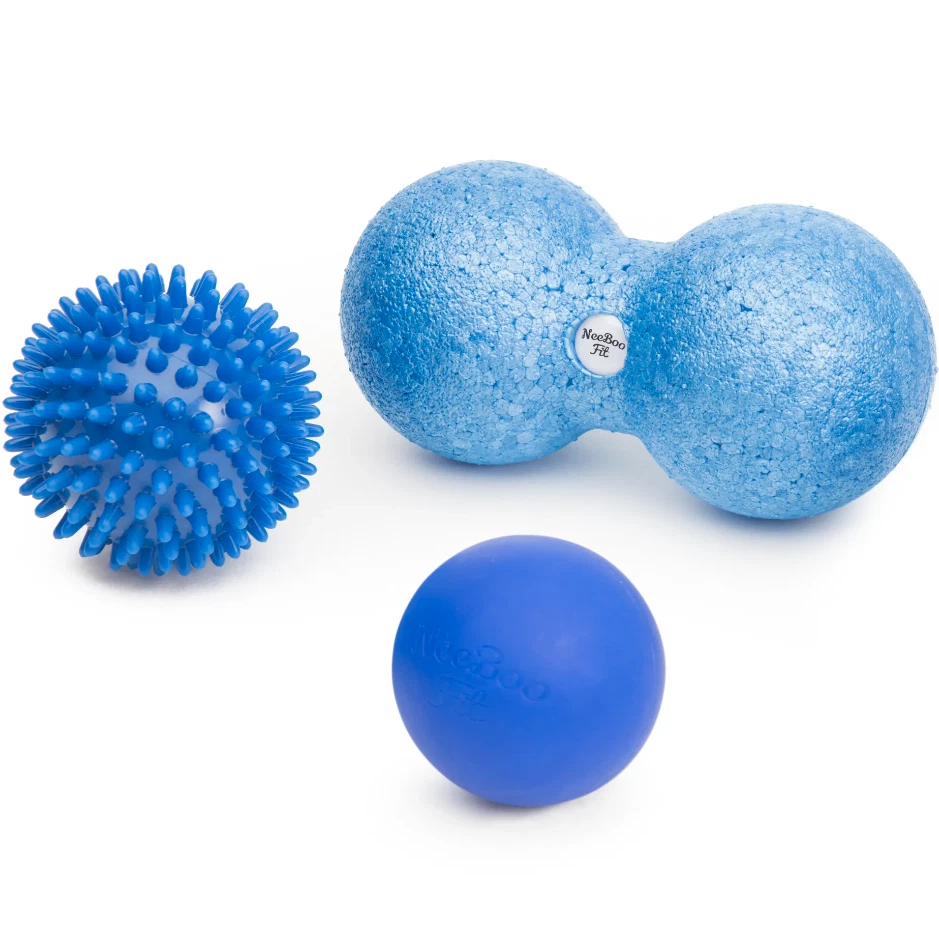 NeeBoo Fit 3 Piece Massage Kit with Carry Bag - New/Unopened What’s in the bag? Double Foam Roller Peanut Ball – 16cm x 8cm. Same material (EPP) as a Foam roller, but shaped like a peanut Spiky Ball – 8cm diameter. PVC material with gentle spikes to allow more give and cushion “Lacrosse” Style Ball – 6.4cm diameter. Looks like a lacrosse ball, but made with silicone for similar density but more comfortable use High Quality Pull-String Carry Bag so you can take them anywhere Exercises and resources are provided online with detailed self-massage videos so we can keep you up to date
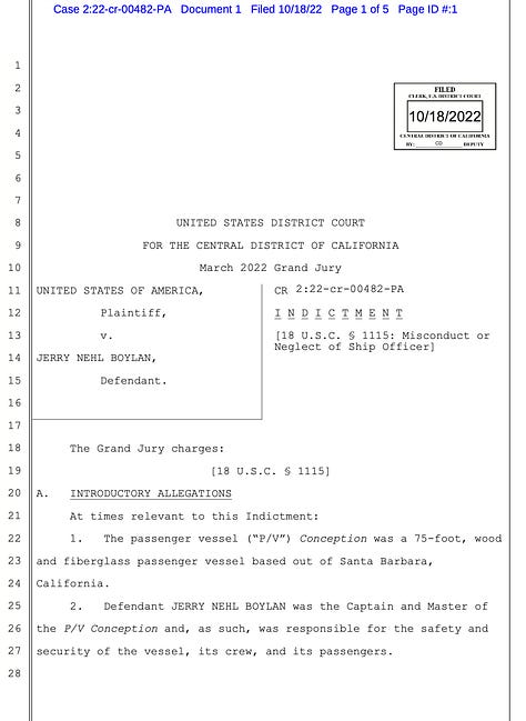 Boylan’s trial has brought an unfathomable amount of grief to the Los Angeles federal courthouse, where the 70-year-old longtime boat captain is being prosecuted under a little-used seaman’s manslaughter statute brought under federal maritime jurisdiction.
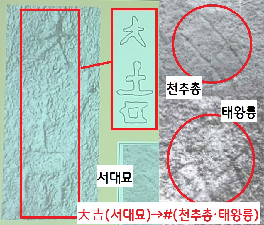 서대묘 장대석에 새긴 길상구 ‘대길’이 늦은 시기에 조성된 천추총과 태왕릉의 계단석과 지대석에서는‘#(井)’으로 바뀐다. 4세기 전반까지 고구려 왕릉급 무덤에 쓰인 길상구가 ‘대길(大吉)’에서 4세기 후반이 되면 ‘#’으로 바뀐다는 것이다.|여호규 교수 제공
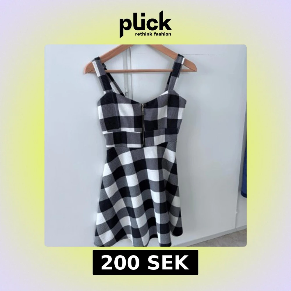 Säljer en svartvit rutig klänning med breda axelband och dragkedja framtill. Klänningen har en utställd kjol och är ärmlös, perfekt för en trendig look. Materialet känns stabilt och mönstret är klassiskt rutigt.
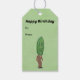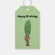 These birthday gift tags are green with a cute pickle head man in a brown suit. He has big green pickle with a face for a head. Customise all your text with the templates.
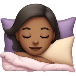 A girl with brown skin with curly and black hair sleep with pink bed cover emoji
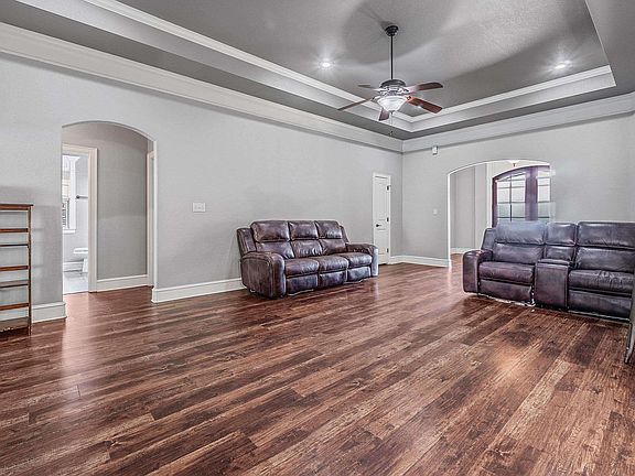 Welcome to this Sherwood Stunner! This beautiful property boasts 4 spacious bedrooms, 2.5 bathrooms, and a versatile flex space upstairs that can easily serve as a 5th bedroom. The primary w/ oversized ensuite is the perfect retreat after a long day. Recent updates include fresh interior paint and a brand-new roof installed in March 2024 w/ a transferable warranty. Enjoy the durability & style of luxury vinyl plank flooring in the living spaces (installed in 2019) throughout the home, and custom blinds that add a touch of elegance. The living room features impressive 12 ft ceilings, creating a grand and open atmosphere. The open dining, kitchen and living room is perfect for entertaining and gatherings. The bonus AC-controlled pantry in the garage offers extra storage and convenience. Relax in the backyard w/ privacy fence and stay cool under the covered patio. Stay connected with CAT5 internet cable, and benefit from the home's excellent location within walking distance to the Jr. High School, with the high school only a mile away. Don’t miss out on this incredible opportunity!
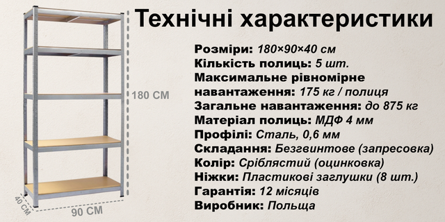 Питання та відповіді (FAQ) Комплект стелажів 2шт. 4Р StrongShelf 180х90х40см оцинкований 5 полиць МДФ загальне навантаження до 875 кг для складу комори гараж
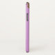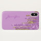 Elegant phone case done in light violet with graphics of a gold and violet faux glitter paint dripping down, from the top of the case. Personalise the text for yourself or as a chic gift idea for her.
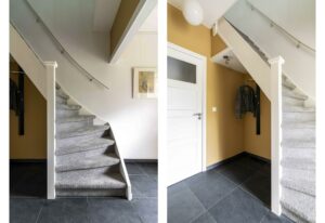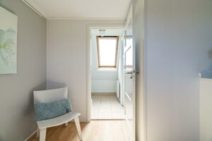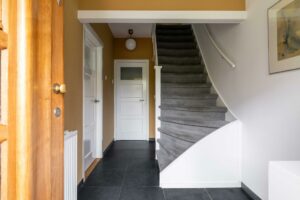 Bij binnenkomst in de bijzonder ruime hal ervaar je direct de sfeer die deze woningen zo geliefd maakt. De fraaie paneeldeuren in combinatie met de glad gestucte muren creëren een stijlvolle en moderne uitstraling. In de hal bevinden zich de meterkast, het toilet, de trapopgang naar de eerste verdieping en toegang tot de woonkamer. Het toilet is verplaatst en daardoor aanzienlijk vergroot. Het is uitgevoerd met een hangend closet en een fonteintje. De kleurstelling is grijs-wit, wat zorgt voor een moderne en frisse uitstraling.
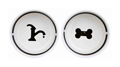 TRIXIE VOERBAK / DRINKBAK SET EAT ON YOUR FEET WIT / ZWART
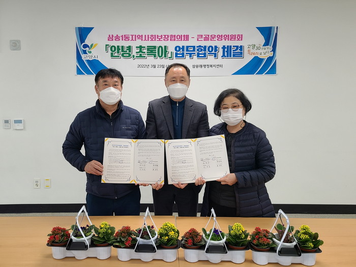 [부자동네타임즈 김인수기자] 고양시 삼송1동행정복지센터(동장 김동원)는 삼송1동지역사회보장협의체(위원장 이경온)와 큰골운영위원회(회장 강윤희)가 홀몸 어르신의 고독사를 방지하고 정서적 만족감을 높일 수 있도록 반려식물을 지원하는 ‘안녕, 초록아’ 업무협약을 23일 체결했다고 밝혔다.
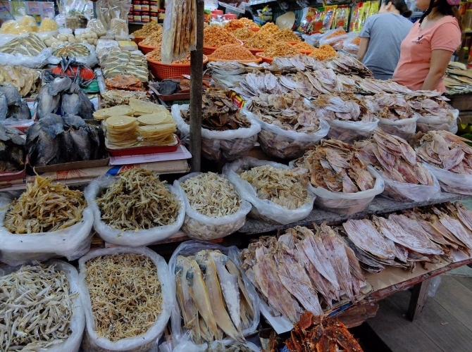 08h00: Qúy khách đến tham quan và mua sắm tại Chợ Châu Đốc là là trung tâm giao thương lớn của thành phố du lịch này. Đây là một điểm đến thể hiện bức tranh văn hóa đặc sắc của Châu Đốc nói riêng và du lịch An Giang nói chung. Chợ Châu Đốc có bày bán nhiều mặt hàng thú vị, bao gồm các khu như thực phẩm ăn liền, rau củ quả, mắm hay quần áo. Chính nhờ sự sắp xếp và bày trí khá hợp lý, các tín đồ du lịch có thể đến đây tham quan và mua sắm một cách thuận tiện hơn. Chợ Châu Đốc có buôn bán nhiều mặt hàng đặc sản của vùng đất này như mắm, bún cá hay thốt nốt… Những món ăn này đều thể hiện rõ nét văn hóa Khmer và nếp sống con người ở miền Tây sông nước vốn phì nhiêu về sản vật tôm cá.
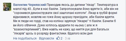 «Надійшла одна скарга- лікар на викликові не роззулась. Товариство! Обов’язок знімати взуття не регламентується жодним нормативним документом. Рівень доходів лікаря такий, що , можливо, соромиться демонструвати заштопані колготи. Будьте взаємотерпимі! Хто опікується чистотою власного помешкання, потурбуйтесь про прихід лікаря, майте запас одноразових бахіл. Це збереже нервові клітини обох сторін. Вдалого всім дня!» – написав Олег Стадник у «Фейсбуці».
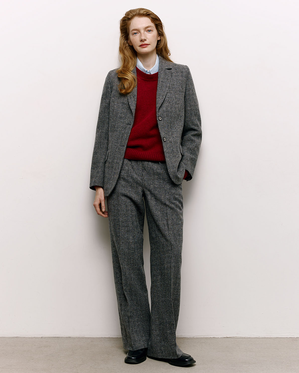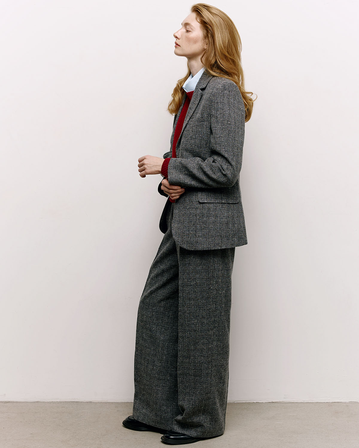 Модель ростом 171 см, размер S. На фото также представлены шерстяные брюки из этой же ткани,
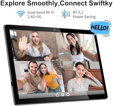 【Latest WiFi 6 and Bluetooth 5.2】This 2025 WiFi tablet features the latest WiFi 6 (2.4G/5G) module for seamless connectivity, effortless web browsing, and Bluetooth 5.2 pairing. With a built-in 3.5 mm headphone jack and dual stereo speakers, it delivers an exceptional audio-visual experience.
▬▬▬▬▬▬
All lines above starting at the one with "Питання та відповіді" and ending at the one with "[부자동네타임즈 김인수기자] 고양시", inclusive, are to be printed again exactly, with the pictures left out.

 Питання та відповіді (FAQ) Комплект стелажів 2шт. 4Р StrongShelf 180х90х40см оцинкований 5 полиць МДФ загальне навантаження до 875 кг для складу комори гараж
 Elegant phone case done in light violet with graphics of a gold and violet faux glitter paint dripping down, from the top of the case. Personalise the text for yourself or as a chic gift idea for her.
 Bij binnenkomst in de bijzonder ruime hal ervaar je direct de sfeer die deze woningen zo geliefd maakt. De fraaie paneeldeuren in combinatie met de glad gestucte muren creëren een stijlvolle en moderne uitstraling. In de hal bevinden zich de meterkast, het toilet, de trapopgang naar de eerste verdieping en toegang tot de woonkamer. Het toilet is verplaatst en daardoor aanzienlijk vergroot. Het is uitgevoerd met een hangend closet en een fonteintje. De kleurstelling is grijs-wit, wat zorgt voor een moderne en frisse uitstraling.
 TRIXIE VOERBAK / DRINKBAK SET EAT ON YOUR FEET WIT / ZWART
 [부자동네타임즈 김인수기자] 고양시 삼송1동행정복지센터(동장 김동원)는 삼송1동지역사회보장협의체(위원장 이경온)와 큰골운영위원회(회장 강윤희)가 홀몸 어르신의 고독사를 방지하고 정서적 만족감을 높일 수 있도록 반려식물을 지원하는 ‘안녕, 초록아’ 업무협약을 23일 체결했다고 밝혔다.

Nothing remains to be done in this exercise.